CVS, An Everyday Miracle If You're Into Meth. Not So Much If You're Into Breathing.

It's a CVS twofer this day my friends. First we go to the Garden State, where the local FOX affiliate tells us the tale of a woman with asthma and her drugstore's commitment to her well being:

Just after seven o'clock Thursday morning, Katherine O'Connor and her boyfriend were walking home from a McDonald's in Garwood, New Jersey, when she suffered an asthma attack.
Her inhaler was at home. The couple was near there, but a CVS on North Avenue, near Cedar Street, was closer. They went in and found the pharmacist on duty.

Time for one of those CVS everyday miracles.

He was told the inhaler with tax would cost just over $21. He was short a dollar and change.
"I said 'Can you just give her the pump. She's on the floor wheezing," Jack said. "I didn't know if an ambulance would get there on time. He said there was nothing he could do for me."
CVS corporate offices sent Fox 5 a statement: "The well-being of our customers is our highest priority..."

"Right after money" they didn't add but believably could have "Every sweet sweet, last precious dollar...."

This being Fox news I can imagine the next line from the anchor desk being something like "Bob, what do you suppose is the connection between what happened here and the proposed Obamacare death panels?"

You could say this was just the case of one CVS pharmacist out of thousands using incredibly poor judgement, an isolated incident, and you would be right. Just like the one CVS Pharmacist who proposed a trade of Xanax for sex or the other CVS pharmacist who practiced at a CVS store without actually being a pharmacist.

Or the CVS pharmacist who posed a customers information on a Craig's list sex ad when the customer pissed him off.

Exactly how many isolated incidents have to occur before it's a pattern? Because I gotta tell ya, while Walgreens has almost the same number of stores and pharmacists, the bat-shit crazy ones always seem to be employed by CVS.

Our next story isn't about some random nutjob though. This one would be a failure at a higher organizational level:

The smurfers loved CVS. And CVS loved them back.
The giant drugstore chain became the go-to spot for hordes of shady buyers, called smurfers, who ran around scooping up over-the-counter decongestants under orders from bad guys who cook up methamphetamine.
Since 2005, federal law has limited how much pseudoephedrine a person can buy (no more than 3.6 grams a day). And retailers, like CVS, are supposed to police that by checking IDs and requiring people to sign for the stuff
But the chain switched from a paper logbook to an electronic system to keep track of things. The computerized ledger didn't prevent the same person from making a bunch of pseudoephedrine buys on the same day. And store employees, the feds say, were told to obey the computerized system's approval of sales, even if they had their doubts about the buyers.
Other retailers did a much better job on complying with the law, so the smurfers took their business to CVS, the feds say.
In a statement, CVS Chairman and CEO Thomas Ryan said, "We have resolved this issue, which unfortunately resulted from a breakdown in CVS/pharmacy's normally high management and oversight standards."
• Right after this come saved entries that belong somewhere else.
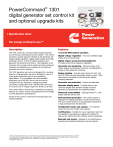 PowerCommand® 1301 digital generator set control kit and optional upgrade kits Description Features The 1301 control is a microprocessor-based generator set monitoring, metering and control system. The control provides a simple operator interface to the generator set, digital voltage regulation, digital engine speed governing, start/stop control, 12 V/24 V battery operation and generator set protective functions. The integration of all functions into a single control system provides enhanced reliability and performance compared to conventional generator set control systems. 12 and 24 VDC battery operation. The 1301 generator set control is designed for mounting directly on the generator set and is suitable for use on a wide range of generator sets in non-paralleling applications. It is compatible with reconnectable alternators up to 600 VAC line-to-line and can be configured for any frequency, voltage and power connection configuration from 120-600 VAC line-to-line. It functions over a voltage range from 8 VDC to 30 VDC. The control offers a wide range of standard and optional features so custom control configurations are not needed to meet application specifications. Power for the control is derived from the generator set starting batteries. Digital voltage regulation - Full wave rectified single phase (line-to-line) sensing. Digital engine speed governing (optional) Provides isochronous frequency regulation. Generator set monitoring - Monitors status of all critical engine and alternator functions. Configurable for single or three phase AC metering. Engine starting - Includes relay drivers for start, fuel shut off (FSO) and glow plug/spark ignition power. Start disconnect is achieved by monitoring the battery charging alternator. Generator set protection - Engine and alternator. Operator display panel - Provides easy to use symbolic/English text operator display of critical generator set parameters and operating history. Advanced serviceability - Utilizing InPower™, a PCbased software service tool. Environmental protection - The control system is designed for reliable operation in harsh environments. The core control board is an encapsulated module that is fully protected from the elements. Configurable inputs and outputs - Two discrete inputs and two dry contact relay outputs. Certifications - Suitable for use on generator sets that are designed, manufactured, tested and certified to relevant UL, NFPA, ISO, IEC, Mil Std. and CE standards. Warranty and service - Backed by a comprehensive warranty and worldwide distributor service network. ©2010 Cummins Power Generation Inc. All rights reserved. Cummins Power Generation and Cummins are registered trademarks of Cummins Inc. InPower and “Our energy working for you.” are trademarks of Cummins Power Generation. Other company, product, or service names may be trademarks or service marks of others. Specifications are subject to change without notice. S-1506d (6/10) Page 1 of 7 Control system The 1301 Control system includes all functions necessary to locally or remotely start and stop, regulate voltage and protect the generator set. Run/off/auto - In the off mode the generator set is immediately shut down (if running) and cannot be started. In the run mode the generator set will execute its start sequence and operate at rated speed and voltage. In the auto mode, the generator set can be started with a start signal from a remote device, such as an automatic transfer switch. Operation of the switch to the off position also resets faults in the control. Status indications - The control includes a lamp driver for an external fault/status indication. When this feature is used, it provides the operator with basic status information on the generator set. Functions displayed include: • The lamp flashes during preheat (when used) and while the generator set is starting. • The lamp indicates ready to load by flashing until the generator set is at rated voltage and frequency, then glowing continuously. • Fault conditions are displayed by flashing a two-digit fault code number. Engine speed governing The control is available with an optional governor power stage. This power stage amplifies control signals to directly drive an engine fuel control valve. The run/off/auto switch function is integrated into the display panel; therefore an external switch is not required. All data on the control can be viewed by scrolling through screens with the navigation keys. The control displays current active faults and a timeordered history of previous faults. LED indicating lamps - The display panel includes LED indicating lamps for the following functions: - Not in auto - Shutdown - Warning - Remote start - Auto - Run Operator adjustments - The display panel includes provisions for many set up and adjustment functions via raise/lower switches. Functions that can be adjusted by the operator include: - Time delay start (0-300 seconds) - Time delay stop (0-600 seconds) - Alternator voltage (plus or minus 5%) Generator set hardware data - Access to the control and software part number, generator set rating in kVar and generator set model number is provided from the display panel or InPower. Data logs - Engine run time, controller on time, number of runs and number of start attempts are available from the display panel or through InPower. Fault history - Provides a record of the most recent fault conditions with control hours time stamp. Up to 5 events are stored in the control non-volatile memory. Display panel The control includes a digital display panel that may be either locally or remotely mounted. The operator screens are made up of internationally accepted symbols or English test, so translations are not required. The display is composed of a backlit LCD display, with a series of 6 generator status LED lamps. The display is accompanied by six tactile-feel membrane switches that are used by the operator to navigate through control menus and to make con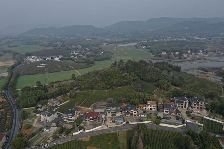 2月26日无人机拍摄的杭州市余杭区径山镇小古城村。新华社记者 黄宗治 摄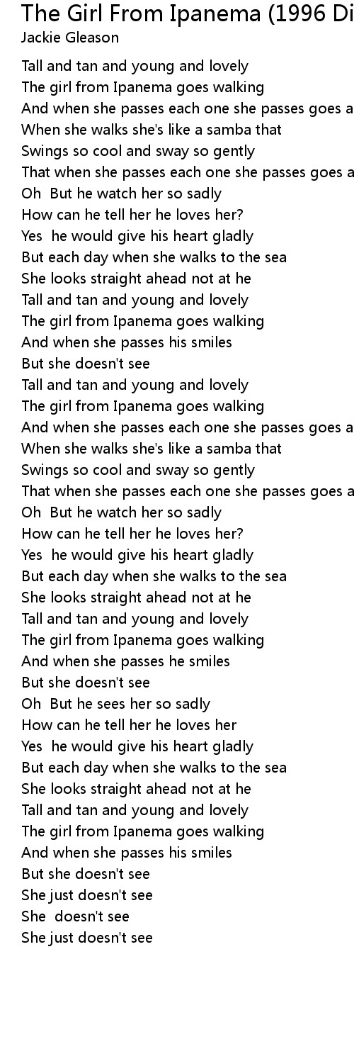 [01:07.22] The girl from Ipanema goes walking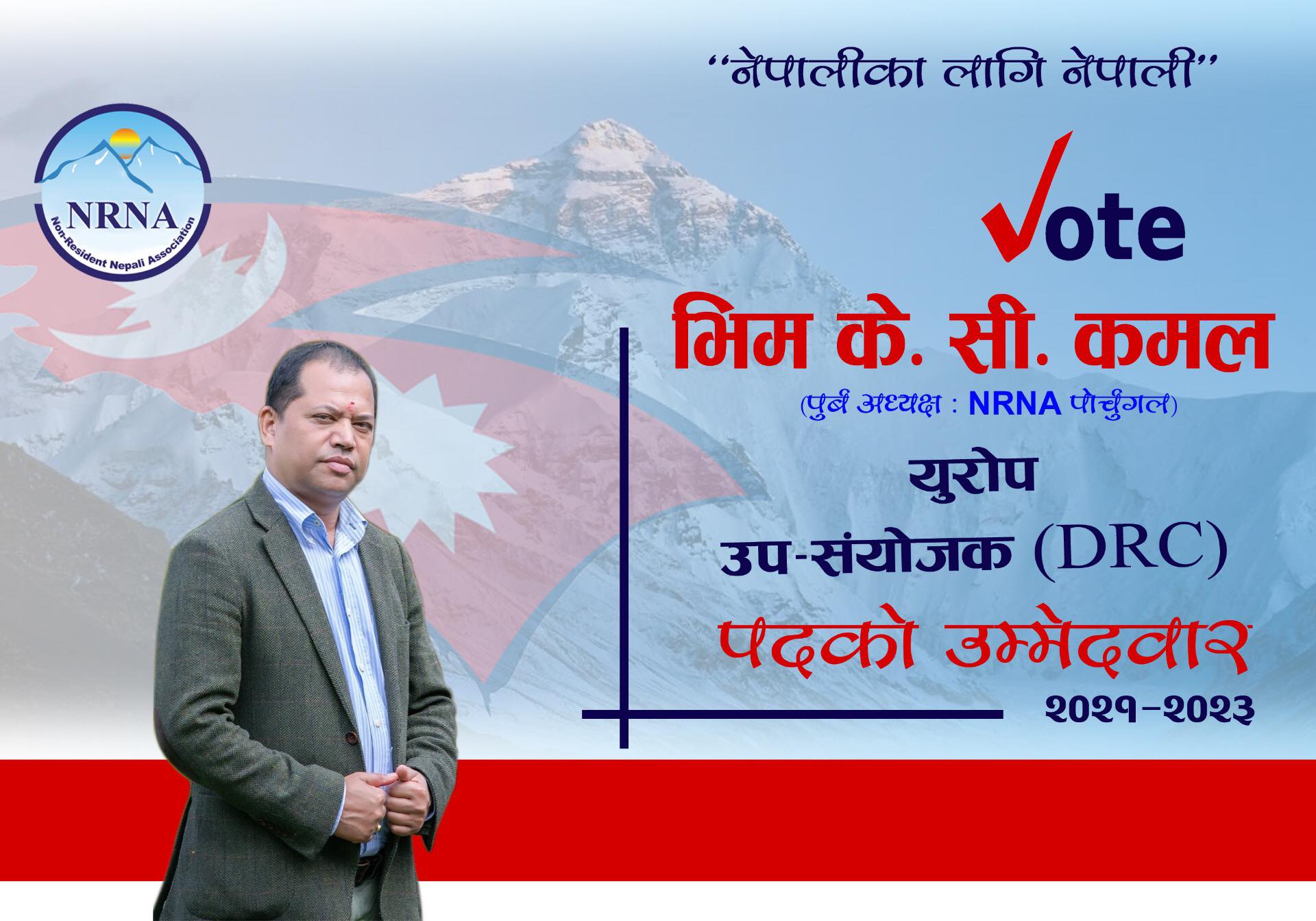 लण्डन । गैरआवासीय नेपाली संघ (एनआरएनए)को यहि अक्टोबर २३ देखि २५ मा हुने अन्तरािष्ट्रय समन्वय समिति (आईसीसी)को निर्वाचनमा पोर्चुगलबाट भिम केसी (कमल)ले युरोप उपसंयोजकमा उम्मेदवारी घोषणा गरेका छन् ।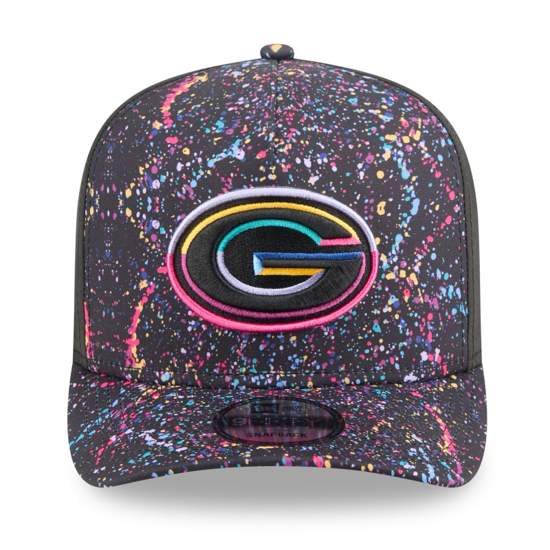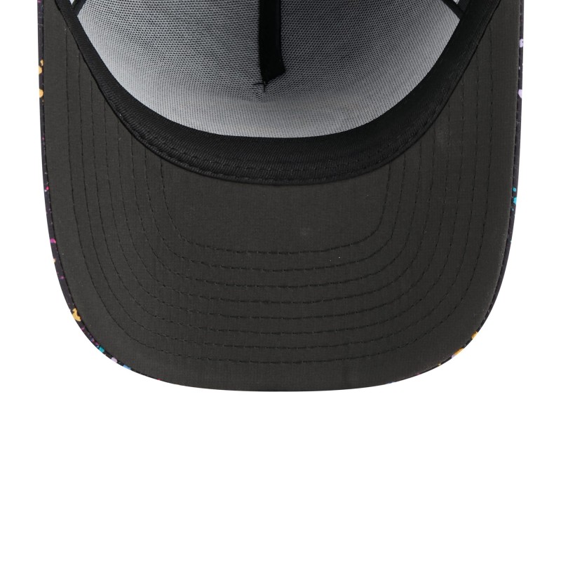 - Multicolor paint splatter pattern sublimated across front panels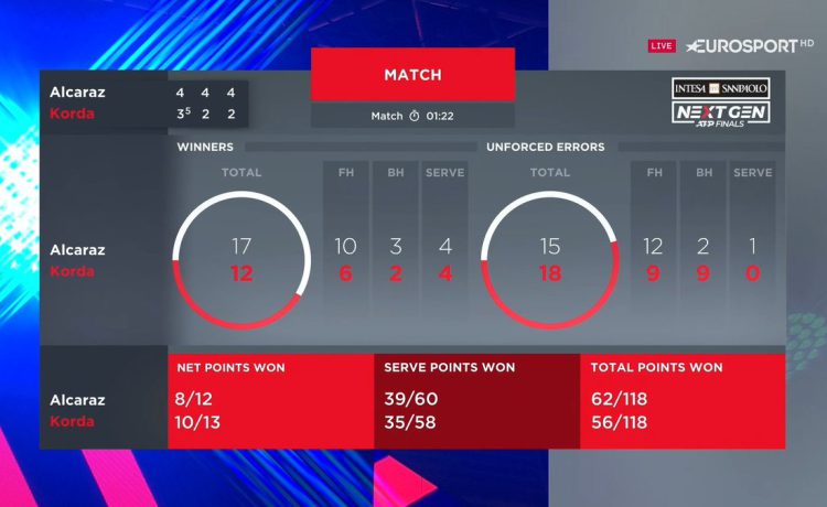 18-летний Карлос Алькарас (АТР 32) оформил 5 победу на турнире и за все матчи в Милане отдал своим соперникам только один сет. 21-летний Себастьян Корда (АТР 39) дошел до решающего поединка с 4 победами в активе (проиграл 4 сета на пути в финал). Для теннисистов это был первый очный матч.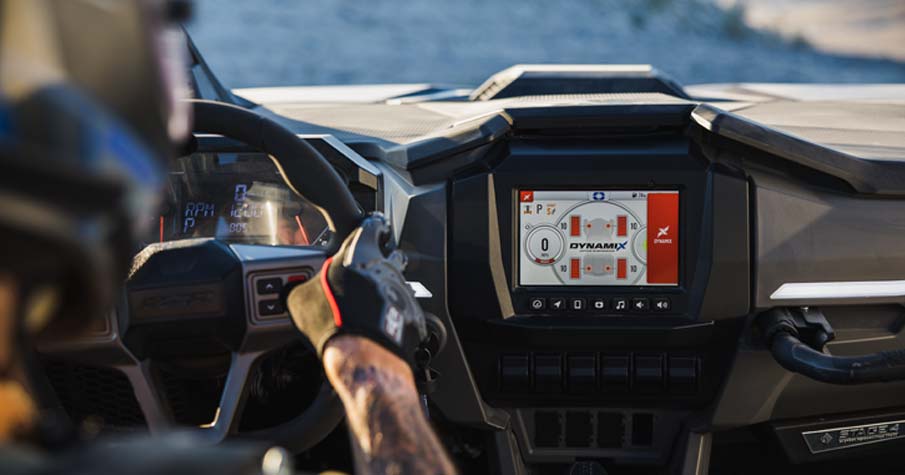 - 7" Display, powered by RIDE COMMAND, featuring: DYNAMIX 2.0 visualizer, built-in GPS, Group Ride (cell-based or GPS-based), topographic mapping, Bluetooth & USB smartphone connectivity, AM/FM & weather radio (accessory speakers required - sold separately), in-vehicle communications capable with optional Sena headsets.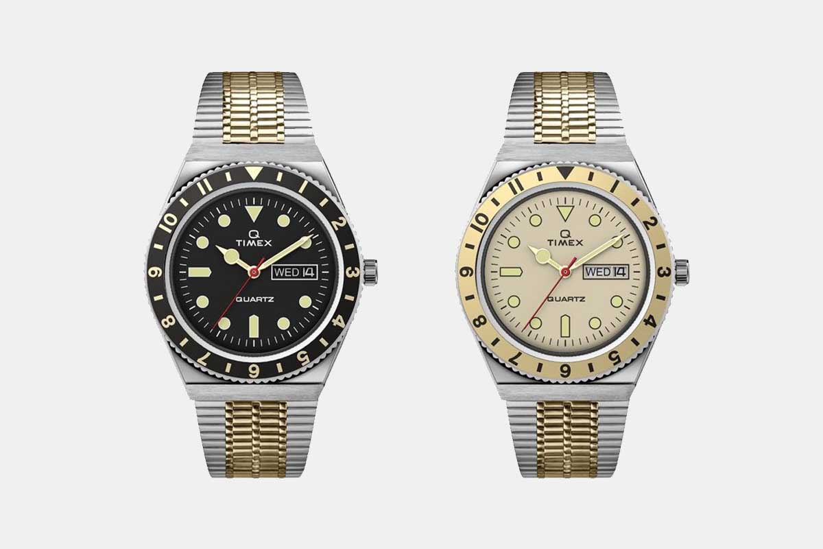 Calling all Timex enthusiasts: the brand has just released two new two-tone Q Timex watches as they continue to expand upon the Color Series. The watches are available in black or off-white, the dials and bezels completely filled out in solid color rather than the usual split-bezel look of the previous styles released. Yet the most noticeable change to the design is the two-tone bracelet, made entirely from stainless steel and featuring a gold band running down the center for a look that’s simultaneously unique and classic.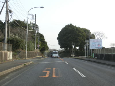| 鉄道の高架橋をくぐって以降は上り勾配の対面2車線道路を走る。カーブは多いものの緩やかなものばかりなので走りにくさを感じる事はない。野毛平工業団地入口交差点を過ぎて少し走ると十余三第一橋を渡る。橋の下は河川ではなくE51東関東道が通っている。十余三第一橋以降はアップダウンはなく平坦でカーブも少なくなる。 | ||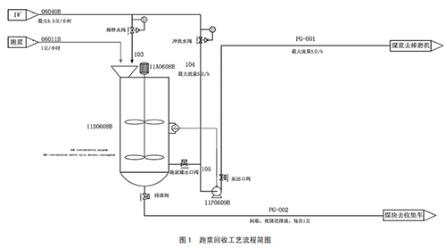 盡管這次跑漿回收實驗結果不是特別理想,由于實際生產中的一些因素存在,導致與理想結果存在偏差,但是卻為我們下一步整改方案指明了方向。通過合理優(yōu)化跑漿回收罐入口管線坡度,斜坡沖洗水使用磨煤機進料中的一部分水,跑漿回收系統(tǒng)調整為持續(xù)供水,保證磨煤機水煤比調控,從而提高煤漿濃度,達到降低能耗、降低勞動強度的目的。
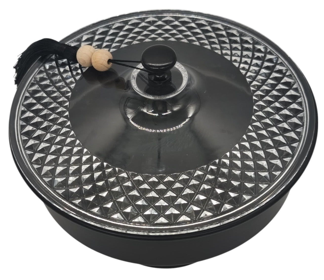 Slightly taller at 21cm, this black candy bowl adds vertical flair to your setup. It features a clear lid to display contents while protecting them. The footed base enhances presentation. Ideal for luxurious or contemporary decor themes.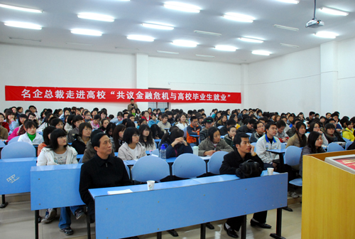 由陕西省社会科学院长安文化研究中心承办的此次报告会针对金融危机席卷全球的现状,组织邀请知名企业总裁、学者走进高校理性而客观地评估金融危机对于大学毕业生就业的影响。系列报告会相继走入西安电子科技大学、西北工业大学、西北大学、西安建筑科技大学、西北政法学院、陕西师范大学、西安交通大学、西安外国语大学、西安培华学院等十四所陕西高校,为企业与大学毕业生搭建起相互交流的平台。
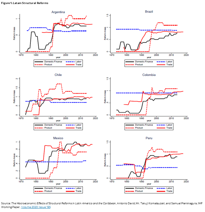 For most Latam countries, the 1990s was an important era of growth. It featured an unprecedented wave of structural reforms (Figure 1, see below) that liberalized economies and fostered robust expansion. While some of that growth can be attributed to the recovery from the “lost decade” of the 1980s, there is little debate that structural reforms facilitated the reallocation of resources from low-productivity activities to high-productivity activities and enhanced growth prospects in the region. That progress is evident in the data on GDP per capita (chart 1), which picked up after 2000. (Chile, which implemented reforms earlier, led other Latam countries in this respect.) Not all countries have reaped the same benefits from reforms, however, with most Pacific Alliance countries outperforming other regional partners.
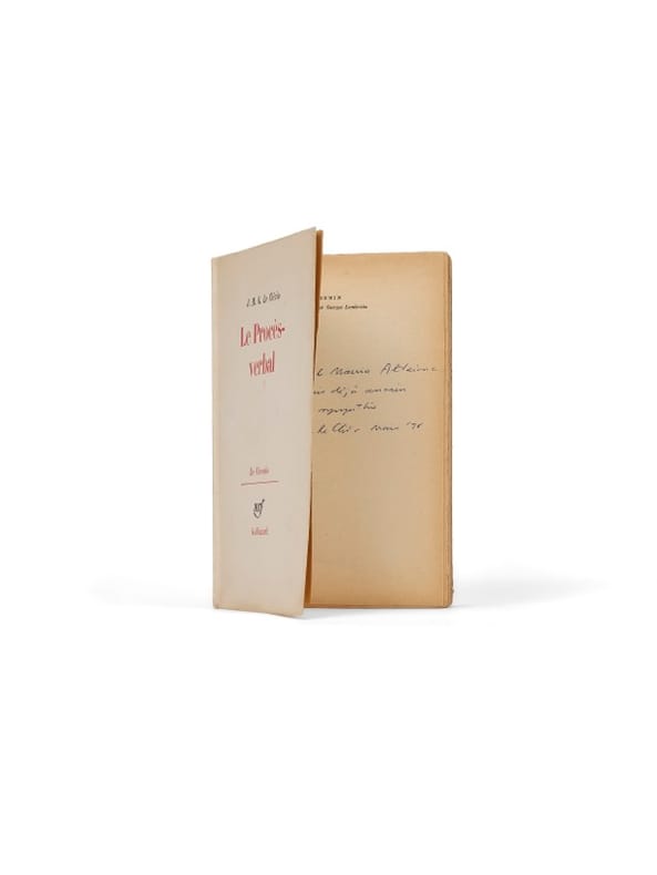 Premier roman de J.-M.G. Le Clézio, Le Procès-verbal reçut le prix Renaudot à sa parution. Il est salué comme une oeuvre neuve, dérangeante, d'une grande densité formelle et marque avec éclat l'entrée en littérature d'un jeune homme de 23 ans, dont le manuscrit était resté près d'un an dans un tiroir avant que le comité de lecture de Gallimard, sous la houlette de Jean Grosjean et Georges Lambrichs, ne le retienne. Sa publication dans la collection « Le Chemin » - dirigée par Lambrichs - n'est pas anodine : elle l'inscrit dans une nouvelle forme de littérature sensible au réel qui narre la trajectoire énigmatique d'Adam Pollo, un être aux frontières de la société, de la folie et de la révolte, qui semble « ne pas trop savoir s'il sort de l'armée ou de l'asile psychiatrique ». Un récit halluciné, saturé d'images, de ruptures de ton, de visions et de méditations existentielles. Pollo est une figure en errance dans un monde qui n'a plus d'ancrage, ni politique, ni moral, ni poétique. Dans une confession livrée au Point des décennies plus tard, Le Clézio évoque le contexte intime et historique de la rédaction : « C'était une drôle d'époque. [...] J'écrivais Le Procès-verbal par bribes, dans le fond d'un café, en y mêlant des morceaux de conversation entendus, des images, des découpes de journal. [...] Le roman a été fini après les accords d'Évian, quand j'ai compris que la menace s'arrêtait, que nous allions vivre. » Derrière l'écriture fiévreuse, il y a donc la guerre d'Algérie, omniprésente, étouffante, destructrice. Plusieurs camarades de l'auteur partent au front - certains ne reviennent pas. La guerre traverse le roman comme une onde de choc silencieuse et livre une plongée mentale et critique de la société post coloniale. Entre errance et sidération, il est à lire comme l'acte inaugural d'un écrivain qui ne cessera par la suite d'interroger les frontières. Bel exemplaire du premier tirage, avec envoi.

High management and oversight standards. The same standards that resulted in the company paying $36.7 million for ripping off Medicaid.

The same high standards that resulted in them "accidentally" charging people enrolled in CVS/Caremark's Medicare part D plans too much.

The same high standards that had two of their executives fighting off charges they tried to bribe a Rhode Island state senator. High standards would be avoiding even the appearance of impropriety. At least at most companies.

Again I'll ask, how many isolated incidents does it take before it's officially a pattern? Their "high standards" seem to be about as effective as the extensive pre-employment screening process they claimed to have when they got busted for hiring the fake pharmacist.

Who by the way, evidently had no problem practicing pharmacy the way CVS expects it to be practiced.

Something stinks here my friends. Something here totally smells like a rotten company.

Thanks to the alert readers who tipped me to the stories.